Once you have selected your “perfect” clustering approach, we can test the data on an independent dataset. We do this to test the generalizability of the model.

These are some assumptions we can make when using separate training (and val) and testing datasets:

  1. None of the data from the testing dataset were used to create the model

  2. The testing and training datasets are representative of the population

  3. If the testing and training datasets are independent*, performance on the testing dataset is an indicator of performance over the population

*Independence can be easily achieved using temporal splitting (“leave one year out”, etc.) Think about it: Why would this make the samples independent if they are from different years? Why would randomly grabbing samples from the same year potentially influence your performance?

We conveniently have labeled data, so we can directly examine the performance of your chosen KMeans model.

Think about it: Do the datapoints look like they could be from the same “population” as the training data?

import pandas as pd

df_test = pd.read_csv("storm_mode/sample_test_data.csv")

numeric_cols = df_test.select_dtypes(include="number").columns.tolist()
numeric_cols.remove('index')
numeric_cols.remove('label')
numeric_cols.remove('label1')

df_test.plot(kind='scatter', x='mean_intensity', y='major_axis_length')
<Axes: xlabel='mean_intensity', ylabel='major_axis_length'>
<Figure size 640x480 with 1 Axes>

Let’s see how many unique labels exist in the dataset. If this differs from your model above, change it now!

df_test['label_name'].nunique()
5

We can ask the KMeans model to predict what cluster each sample belongs to. Just make sure to set your var1 and var2 below to match with your model above.

var1 = 'mean_intensity'
var2 = 'solidity'

num_cluster = 5
seed = 0
n_init = 10

df_train_x = df_train[[var1, var2]].to_numpy(dtype=np.float64)
df_test_x = df_test[[var1, var2]].to_numpy(dtype=np.float64)

kmeans = KMeans(n_clusters=num_cluster, n_init=n_init, random_state=seed).fit(df_train_x)
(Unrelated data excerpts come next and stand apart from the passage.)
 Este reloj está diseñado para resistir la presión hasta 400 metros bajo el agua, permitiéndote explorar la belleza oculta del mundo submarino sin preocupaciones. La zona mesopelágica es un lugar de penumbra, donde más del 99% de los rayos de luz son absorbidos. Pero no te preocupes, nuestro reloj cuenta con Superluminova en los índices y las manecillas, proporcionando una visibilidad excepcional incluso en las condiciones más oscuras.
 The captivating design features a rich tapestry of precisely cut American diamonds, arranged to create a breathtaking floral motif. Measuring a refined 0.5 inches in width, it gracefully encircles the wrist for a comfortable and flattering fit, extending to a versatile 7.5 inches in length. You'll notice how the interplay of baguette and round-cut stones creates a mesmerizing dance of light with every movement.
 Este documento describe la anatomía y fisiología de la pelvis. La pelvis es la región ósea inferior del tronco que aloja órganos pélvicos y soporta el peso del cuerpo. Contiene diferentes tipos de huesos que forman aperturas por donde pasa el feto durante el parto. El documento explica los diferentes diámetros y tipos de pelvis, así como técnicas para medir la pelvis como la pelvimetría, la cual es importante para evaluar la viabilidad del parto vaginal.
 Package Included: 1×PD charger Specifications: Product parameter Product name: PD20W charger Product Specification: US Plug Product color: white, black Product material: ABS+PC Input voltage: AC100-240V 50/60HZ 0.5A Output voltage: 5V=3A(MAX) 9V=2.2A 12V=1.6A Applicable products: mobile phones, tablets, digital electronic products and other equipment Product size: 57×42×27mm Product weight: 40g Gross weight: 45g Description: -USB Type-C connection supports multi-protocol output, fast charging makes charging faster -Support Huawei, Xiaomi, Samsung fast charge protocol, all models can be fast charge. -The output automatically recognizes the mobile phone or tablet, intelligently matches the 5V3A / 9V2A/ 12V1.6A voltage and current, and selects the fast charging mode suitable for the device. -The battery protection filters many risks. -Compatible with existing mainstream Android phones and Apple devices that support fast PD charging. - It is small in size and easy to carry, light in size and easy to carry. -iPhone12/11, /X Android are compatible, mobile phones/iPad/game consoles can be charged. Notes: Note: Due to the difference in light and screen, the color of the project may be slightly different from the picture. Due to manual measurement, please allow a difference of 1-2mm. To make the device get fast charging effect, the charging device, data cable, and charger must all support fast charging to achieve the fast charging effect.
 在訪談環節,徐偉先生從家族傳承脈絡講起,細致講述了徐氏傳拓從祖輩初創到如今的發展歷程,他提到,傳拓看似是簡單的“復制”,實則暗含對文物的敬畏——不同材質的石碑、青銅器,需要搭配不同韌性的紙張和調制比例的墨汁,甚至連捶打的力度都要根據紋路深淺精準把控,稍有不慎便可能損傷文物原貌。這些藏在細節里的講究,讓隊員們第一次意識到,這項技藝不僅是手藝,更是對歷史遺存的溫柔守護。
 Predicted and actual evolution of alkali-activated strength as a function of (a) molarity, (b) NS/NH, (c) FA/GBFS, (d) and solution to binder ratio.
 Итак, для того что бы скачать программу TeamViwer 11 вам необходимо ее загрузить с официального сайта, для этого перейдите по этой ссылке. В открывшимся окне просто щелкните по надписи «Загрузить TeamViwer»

# the KMeans trained instance predicts the cluster
preds = kmeans.predict(df_test_x)

preds
array([1, 0, 3, 3, 1, 0, 1, 1, 1, 1, 1, 1, 0, 1, 0, 3, 0, 1, 1, 1, 1, 3, 1, 1, 0, 0, 1, 1, 0, 1, 0, 1, 1, 4, 0, 4, 1, 3, 4, 1, 0, 0, 0, 1, 0, 4, 0, 1, 1, 0, 0, 0, 0, 0, 0, 0, 0, 4, 0, 1, 4, 4, 0, 4, 0, 4, 4, 4, 4, 4, 4, 4, 0, 0, 2, 0, 4, 4, 4, 0, 2, 2, 2, 2, 2, 2, 2, 2, 4, 2, 2, 4, 2, 2, 2, 2, 2, 2, 2, 2], dtype=int32)

Results:

import numpy as np
import matplotlib.pyplot as plt

centers = kmeans.cluster_centers_

fig, axes = plt.subplots(1, 2, figsize=(14, 6), sharex=True, sharey=True)
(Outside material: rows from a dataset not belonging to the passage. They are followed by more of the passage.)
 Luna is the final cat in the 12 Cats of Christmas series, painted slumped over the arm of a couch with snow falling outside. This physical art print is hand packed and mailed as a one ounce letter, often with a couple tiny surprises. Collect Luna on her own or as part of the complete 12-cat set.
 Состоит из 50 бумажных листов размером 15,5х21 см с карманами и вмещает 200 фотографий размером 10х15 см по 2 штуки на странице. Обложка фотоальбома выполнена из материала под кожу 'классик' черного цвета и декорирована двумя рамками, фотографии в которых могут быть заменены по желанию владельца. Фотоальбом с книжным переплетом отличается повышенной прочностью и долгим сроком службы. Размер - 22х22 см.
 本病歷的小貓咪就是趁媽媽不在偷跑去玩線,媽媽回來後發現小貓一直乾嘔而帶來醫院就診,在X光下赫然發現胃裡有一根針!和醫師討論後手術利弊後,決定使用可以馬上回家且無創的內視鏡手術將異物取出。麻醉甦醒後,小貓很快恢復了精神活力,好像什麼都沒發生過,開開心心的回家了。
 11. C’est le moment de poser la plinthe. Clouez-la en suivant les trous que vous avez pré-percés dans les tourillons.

name_codes, name_levels = pd.factorize(df_test["label_name"])

sc0 = axes[0].scatter(
    df_test[var1], df_test[var2],
    c=name_codes,
    s=35, alpha=0.85,
    edgecolors="k", linewidths=0.25
)
axes[0].set_title("Test set: label_name (ground truth categories)")
axes[0].set_xlabel(var1)
axes[0].set_ylabel(var2)

handles0 = []
for code, name in enumerate(name_levels):
    handles0.append(plt.Line2D([0], [0], marker="o", linestyle="",
                               markerfacecolor=sc0.cmap(sc0.norm(code)),
                               markeredgecolor="k", markersize=7, label=str(name)))
if len(handles0) <= 15:
    axes[0].legend(handles=handles0, title="label_name", loc="best")

sc1 = axes[1].scatter(
    df_test[var1], df_test[var2],
    c=preds,
    s=35, alpha=0.85,
    edgecolors="k", linewidths=0.25
)
axes[1].plot(centers[:, 0], centers[:, 1], "kx", markersize=10, label="cluster center")
axes[1].set_title(f"Test set: KMeans predictions (K={num_cluster})")
axes[1].set_xlabel(var1)
axes[1].legend(loc="best")

cbar = fig.colorbar(sc1, ax=axes[1], ticks=np.arange(num_cluster))
cbar.set_label("cluster id")

plt.tight_layout()
plt.show()
<Figure size 1400x600 with 3 Axes>

Lab 6 will further explore performance metrics using these datasets

Chapter 8.2.2 - Self-organizing Map

The self-organizing map (SOM) is a type of unsupervised machine learning approach that transforms high-dimensional data (e.g., 2D images) into a low-dimensional representation (e.g., a node). For example, you could take hundreds or thousands of 500 hPa height fields and organize them into nodes where the data within each node are most similar to one another, but they are also more similar to the nearby nodes compare to nodes farther away.

Similar to KMeans clustering, the SOM produces a given number of nodes (clusters). The main differences between the SOM and KMeans are:

  1. The SOM requires the user to define the size of a 2D grid on which the SOM will organize clusters (i.e., y-count and x-count). KMeans only requires a single number.

  2. The nodes (clusters) in the SOM are organized in a way that the nearest nodes are more similar than nodes farther away in the grid.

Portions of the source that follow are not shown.